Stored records
◆ ◆ ◆ ◆

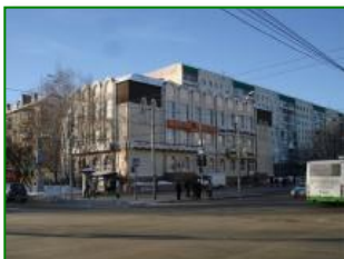
Торгово-офисное здание, г. Тюмень
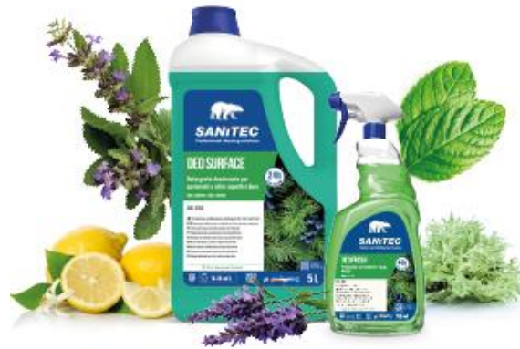
AROMATICO LEGNOSO AROMATIC WOODY Cod. 2203 | 2302
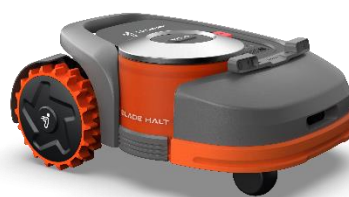
赛格威智能割草机器人 Navimow
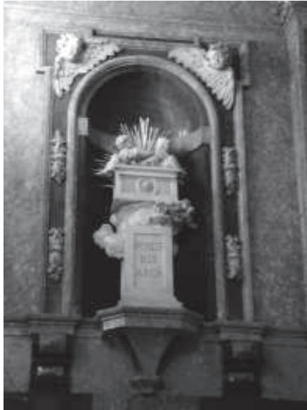
figura 9: Nínxol de la capella de la Cinta de la catedral de Tortosa amb la representació simbòlica de l'Arca de la Fe.
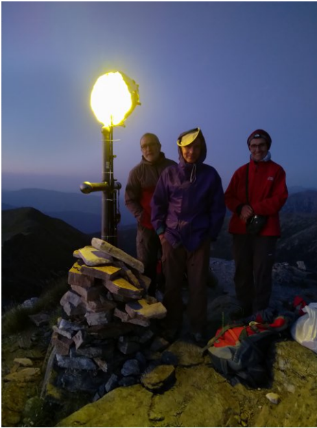
El farell amb la pantalla.

La foscor va impregnant la vall, a dalt encara hi veiem raigs de sol a la vegada que es van encenent els farells en els cims més propers a nosaltres.
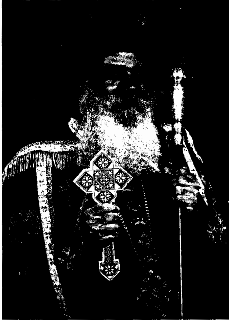
صاحب الغبطة والقداسة البابا المعظم الأبنا شنودة الثالث بابا الإسكندرية وبطريك الكرازة المرقسية
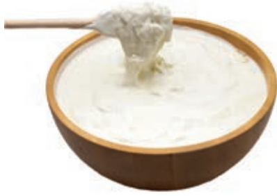
FDL450 STRACCIATELLA GR 200
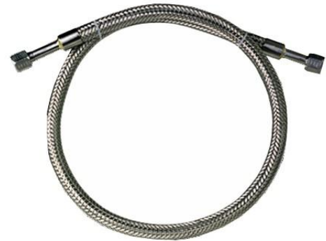
LOX-Füllschlauch in den Varianten
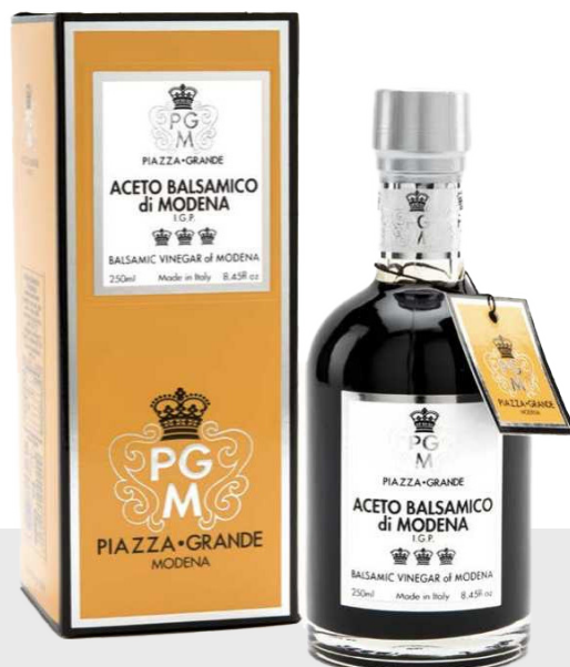
Vinaigre balsamique 3 couronnes
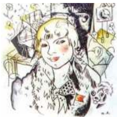
Ю. Анненков. Иллюстрация к поэме «Двенадцать»

На контрасте с Ванькой выписан невольный убийца Катьки Петруха. Самое поэтичное в нём — это любовь-страсть к Катьке, чувство, не покидающее его наперекор рассудку. Безрассудная месть овладевает Петькой и бросает в погоню за тройкой с «еликстрическим фонариком на оглобелях». Искренни страдания «бедного убийцы», оформленные в похожем на плач монологе-причитании: «Ох, товарищи родные, // Эту девку я любил...» Далее хаос чувств упорядочивается идеей долга и служения революции — Петруха вместе с товарищами продолжает «державным шагом» нести дозор.
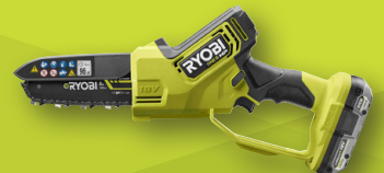
Élagueur à main guide 15 cm 18V ONE+ HP™ RY18PSX15A-0 RY18PSX15A-120
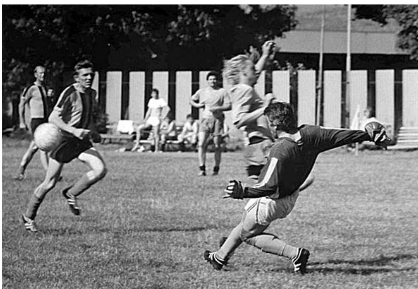
Fotbalový zápas – rok 1987.

velmi silnými týmy z Brněnska. V průběhu 70. let se podařilo několikrát postoupit do I.B třídy. Hlavní vzestup velkopavlovické kopané se ale traduje od poloviny 80. let. V sezoně 1985/86 mužstvo sestoupilo dokonce až do III. třídy okresních soutěží. V tomto období začíná také největší rozkvět fotbalu ve Velkých Pavlovicích za celé
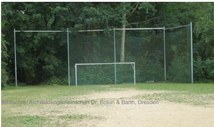
Bestand Bolzplatz, 2018
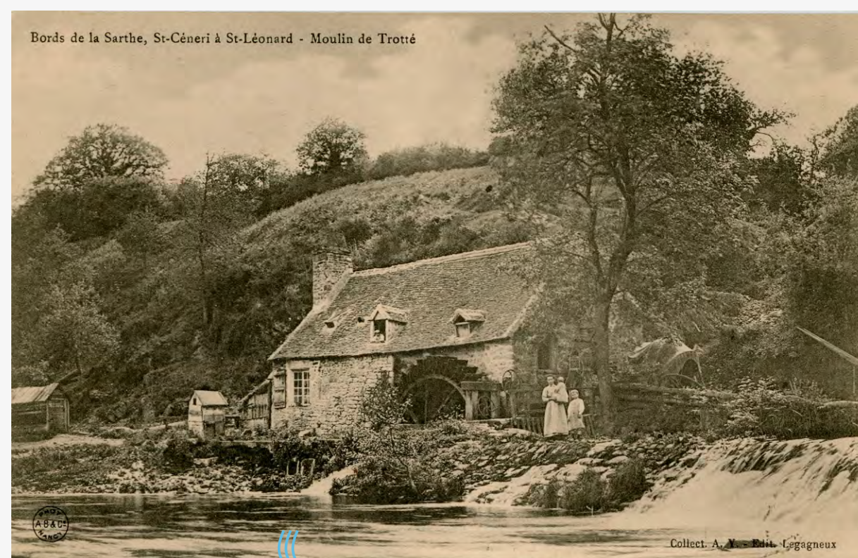
Bords de Sarthe, Saint-Céneri-le-Gérei à Saint-Léonard, moulin de Trotté carte postale, collect. AY édit. Legagneux AMA 4FI6491
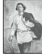
- செயல் - அதுவே சிறந்த சொல்

பொதுவுடைமை தத்துவ, அரசியல், பண்பாட்டு இலக்கிய இதழ்
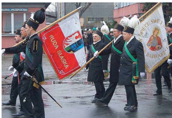
Fot. 6. Przemarsz górników z cechowni kopalni „Halemba” do kościoła (4.12.2012 r.,)
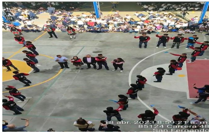
Escuela Municipal de Derechos Humanos, capacitación Estudiantes I.E Marceliana Saldarriaga
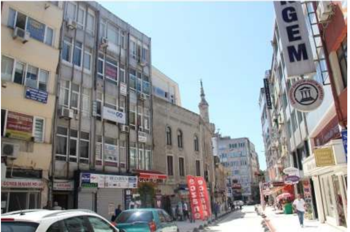
Resim: Yapraklı Adasının geçmiş ve günümüzdeki hali.
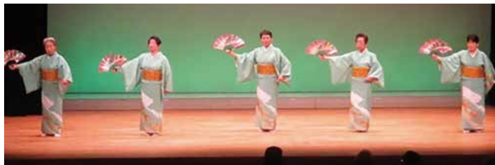
「祝い酒」魚崎つるかめ会
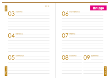
Beispiel Logo auf der Seite «Wochenübersicht»
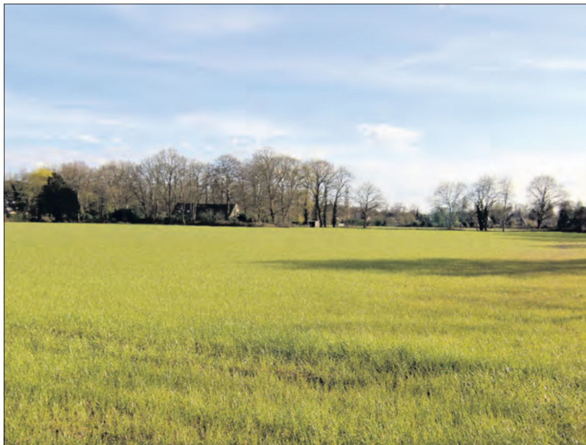
Een deel van de Schapenweide (hier gezien vanaf de Antonie van Leeuwenhoeklaan richting het zuiden) in Bilthoven.
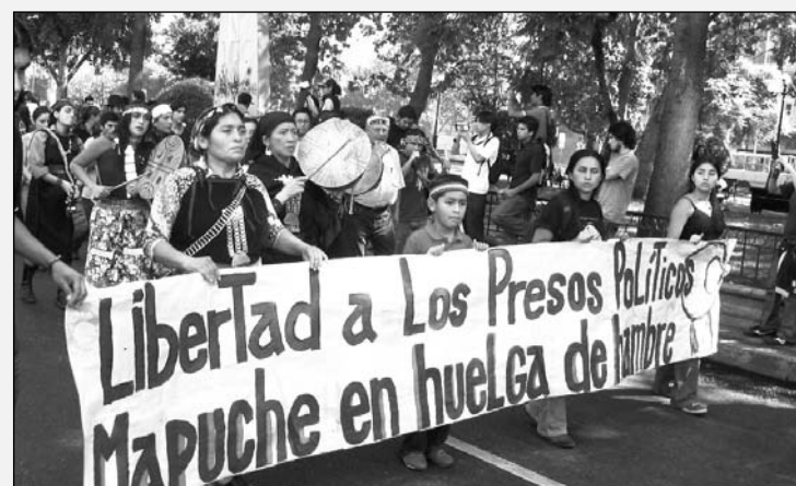
Movilización por la libertad de los huelguistas de hambre. Exigimos también la derogación de la ley antiterrorista y la desmilitarización de todas las zonas mapuches

Luego del fracaso de la reunión, se realizó una masiva manifestación de más de 3.000 personas en apoyo a los comuneros indígenas. Además, se multiplican los "ayunos solidarios" por parte de activistas, personalidades y políticos en apoyo a los comuneros. También hubo manifestaciones de solidaridad en varios países, entre ellos el nuestro, particular-
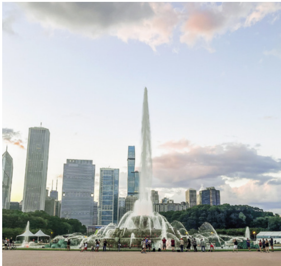
Retket Chicagoon, museovierailut ja paikalliset tapahtumat avasivat näkymiä amerikkalaiseen kulttuuriin.

Vierailu amissikylässä oli ikimuistoinen kokemus, joka toi näkymän täysin erilaiseen elämäntapaan. Toisaalta arjen pienet hetket – valokuvien kehittäminen koululla, autotallimyyntinä auttaminen ja yhteiset illat isäntäperheen kanssa – syvensivät ymmärrystäni paikallisesta elämästä.
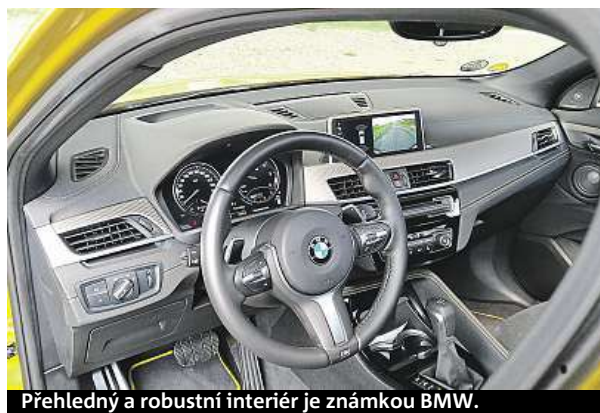
Přehledný a robustní interiér je známkou BMW.

cenovka je trochu vyšší, nejlevnější tříválec vyjde na 850 tisíc, námi testovaný vůz přesáhl milion korun.
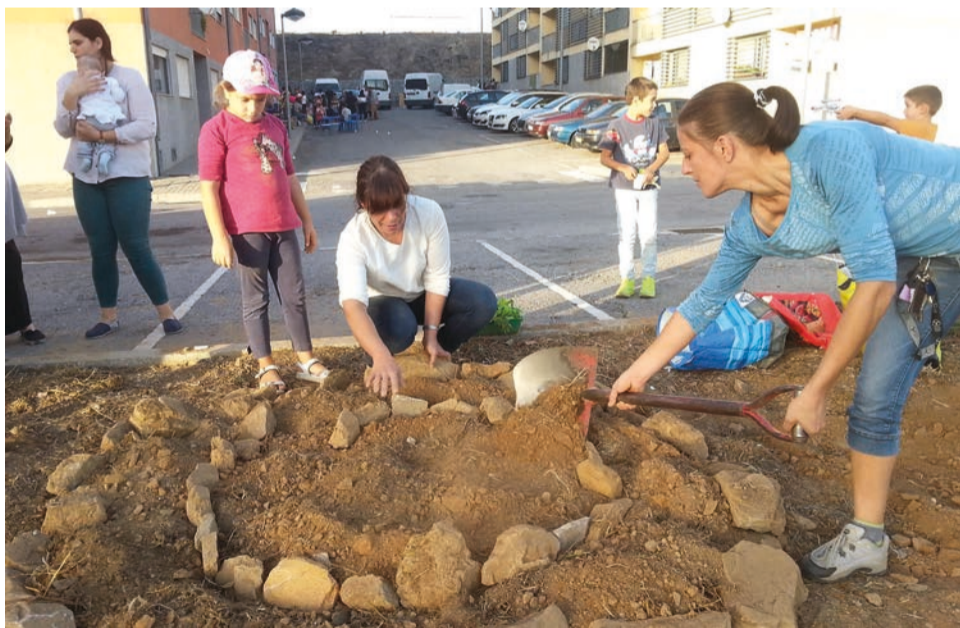
Projecto visa reabilitação do espaço exterior do Bairro Social do Cabeço

A Coolabora apresenta amanhã, sexta-feira, 8, na loja social do Bairro do Cabeço, entre as 11:30h e as 12 horas, o projecto de arquitectura “concebido de forma participativa” para o espaço exterior do Bairro Social do Cabeço, no Tortosendo e que surgiu do Projecto Saudinha financiado pelo Programa Bairros Saudáveis.
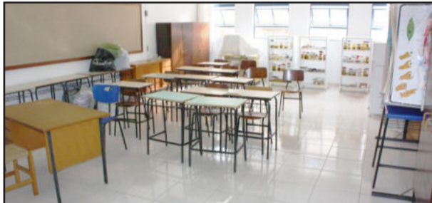
Novo piso no laboratório
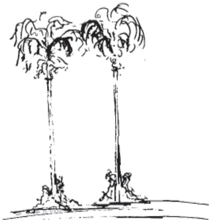
Fragmento de palmas «arquitectónicas».
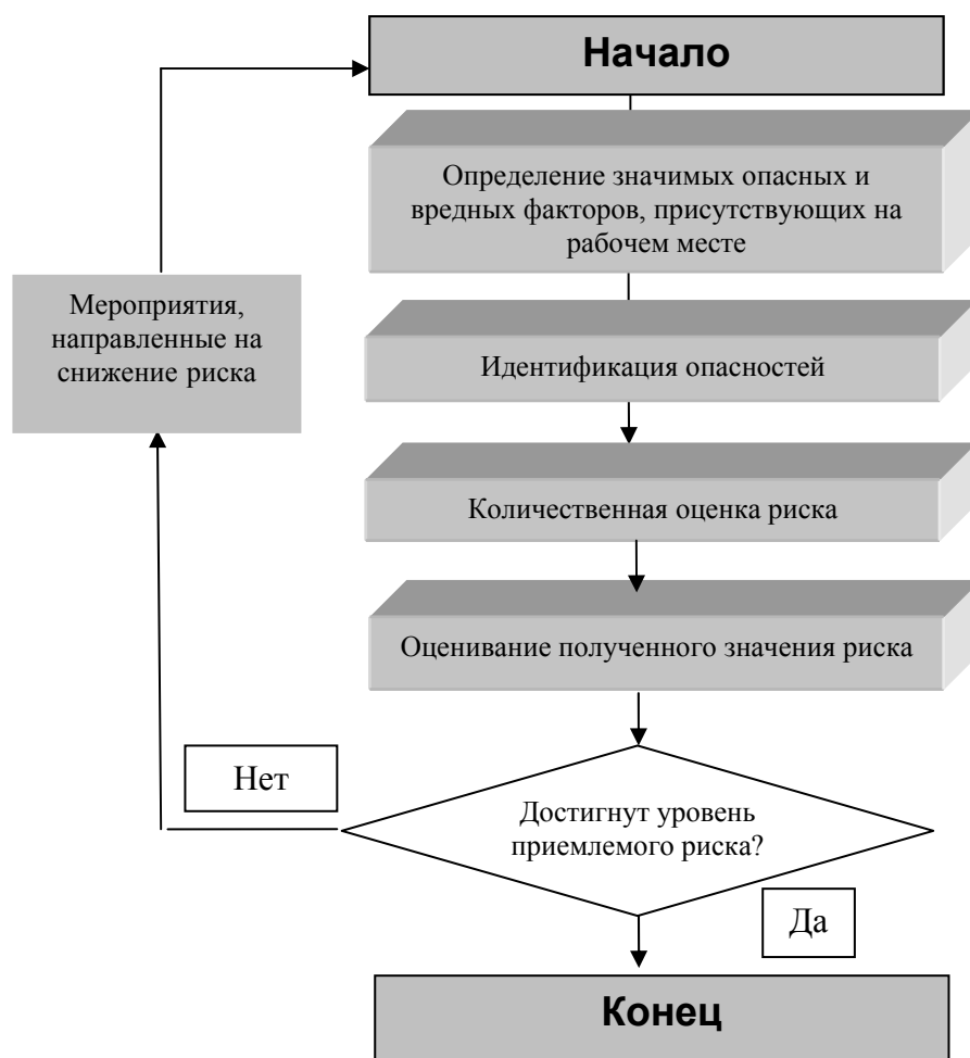
Рис 3. Итеративная расчетная модель оценки рисков

использовать для прогнозирования параметров состояния производственной среды, опасных ситуаций и опасных зон. На рабочих местах, где условия труда характеризуются влиянием вредных производственных факторов, существует определенная вероятность воздействия этих факторов, а, следовательно, риск получения профессионального заболевания или травмирования работника.

◆ ◆ ◆ ◆

» **What to do**: What is needed is every record above, restated word for word, with the pictures left out.

» **Exercise solution**:
Торгово-офисное здание, г. Тюмень
AROMATICO LEGNOSO AROMATIC WOODY Cod. 2203 | 2302
赛格威智能割草机器人 Navimow
figura 9: Nínxol de la capella de la Cinta de la catedral de Tortosa amb la representació simbòlica de l'Arca de la Fe.
El farell amb la pantalla.

La foscor va impregnant la vall, a dalt encara hi veiem raigs de sol a la vegada que es van encenent els farells en els cims més propers a nosaltres.
صاحب الغبطة والقداسة البابا المعظم الأبنا شنودة الثالث بابا الإسكندرية وبطريك الكرازة المرقسية
FDL450 STRACCIATELLA GR 200
LOX-Füllschlauch in den Varianten
Vinaigre balsamique 3 couronnes
Ю. Анненков. Иллюстрация к поэме «Двенадцать»

На контрасте с Ванькой выписан невольный убийца Катьки Петруха. Самое поэтичное в нём — это любовь-страсть к Катьке, чувство, не покидающее его наперекор рассудку. Безрассудная месть овладевает Петькой и бросает в погоню за тройкой с «еликстрическим фонариком на оглобелях». Искренни страдания «бедного убийцы», оформленные в похожем на плач монологе-причитании: «Ох, товарищи родные, // Эту девку я любил...» Далее хаос чувств упорядочивается идеей долга и служения революции — Петруха вместе с товарищами продолжает «державным шагом» нести дозор.
Élagueur à main guide 15 cm 18V ONE+ HP™ RY18PSX15A-0 RY18PSX15A-120
Fotbalový zápas – rok 1987.

velmi silnými týmy z Brněnska. V průběhu 70. let se podařilo několikrát postoupit do I.B třídy. Hlavní vzestup velkopavlovické kopané se ale traduje od poloviny 80. let. V sezoně 1985/86 mužstvo sestoupilo dokonce až do III. třídy okresních soutěží. V tomto období začíná také největší rozkvět fotbalu ve Velkých Pavlovicích za celé
Bestand Bolzplatz, 2018
Bords de Sarthe, Saint-Céneri-le-Gérei à Saint-Léonard, moulin de Trotté carte postale, collect. AY édit. Legagneux AMA 4FI6491
- செயல் - அதுவே சிறந்த சொல்

பொதுவுடைமை தத்துவ, அரசியல், பண்பாட்டு இலக்கிய இதழ்
Fot. 6. Przemarsz górników z cechowni kopalni „Halemba” do kościoła (4.12.2012 r.,)
Escuela Municipal de Derechos Humanos, capacitación Estudiantes I.E Marceliana Saldarriaga
Resim: Yapraklı Adasının geçmiş ve günümüzdeki hali.
「祝い酒」魚崎つるかめ会
Beispiel Logo auf der Seite «Wochenübersicht»
Een deel van de Schapenweide (hier gezien vanaf de Antonie van Leeuwenhoeklaan richting het zuiden) in Bilthoven.
Movilización por la libertad de los huelguistas de hambre. Exigimos también la derogación de la ley antiterrorista y la desmilitarización de todas las zonas mapuches

Luego del fracaso de la reunión, se realizó una masiva manifestación de más de 3.000 personas en apoyo a los comuneros indígenas. Además, se multiplican los "ayunos solidarios" por parte de activistas, personalidades y políticos en apoyo a los comuneros. También hubo manifestaciones de solidaridad en varios países, entre ellos el nuestro, particular-
Retket Chicagoon, museovierailut ja paikalliset tapahtumat avasivat näkymiä amerikkalaiseen kulttuuriin.

Vierailu amissikylässä oli ikimuistoinen kokemus, joka toi näkymän täysin erilaiseen elämäntapaan. Toisaalta arjen pienet hetket – valokuvien kehittäminen koululla, autotallimyyntinä auttaminen ja yhteiset illat isäntäperheen kanssa – syvensivät ymmärrystäni paikallisesta elämästä.
Přehledný a robustní interiér je známkou BMW.

cenovka je trochu vyšší, nejlevnější tříválec vyjde na 850 tisíc, námi testovaný vůz přesáhl milion korun.
Projecto visa reabilitação do espaço exterior do Bairro Social do Cabeço

A Coolabora apresenta amanhã, sexta-feira, 8, na loja social do Bairro do Cabeço, entre as 11:30h e as 12 horas, o projecto de arquitectura “concebido de forma participativa” para o espaço exterior do Bairro Social do Cabeço, no Tortosendo e que surgiu do Projecto Saudinha financiado pelo Programa Bairros Saudáveis.
Novo piso no laboratório
Fragmento de palmas «arquitectónicas».
Рис 3. Итеративная расчетная модель оценки рисков

использовать для прогнозирования параметров состояния производственной среды, опасных ситуаций и опасных зон. На рабочих местах, где условия труда характеризуются влиянием вредных производственных факторов, существует определенная вероятность воздействия этих факторов, а, следовательно, риск получения профессионального заболевания или травмирования работника.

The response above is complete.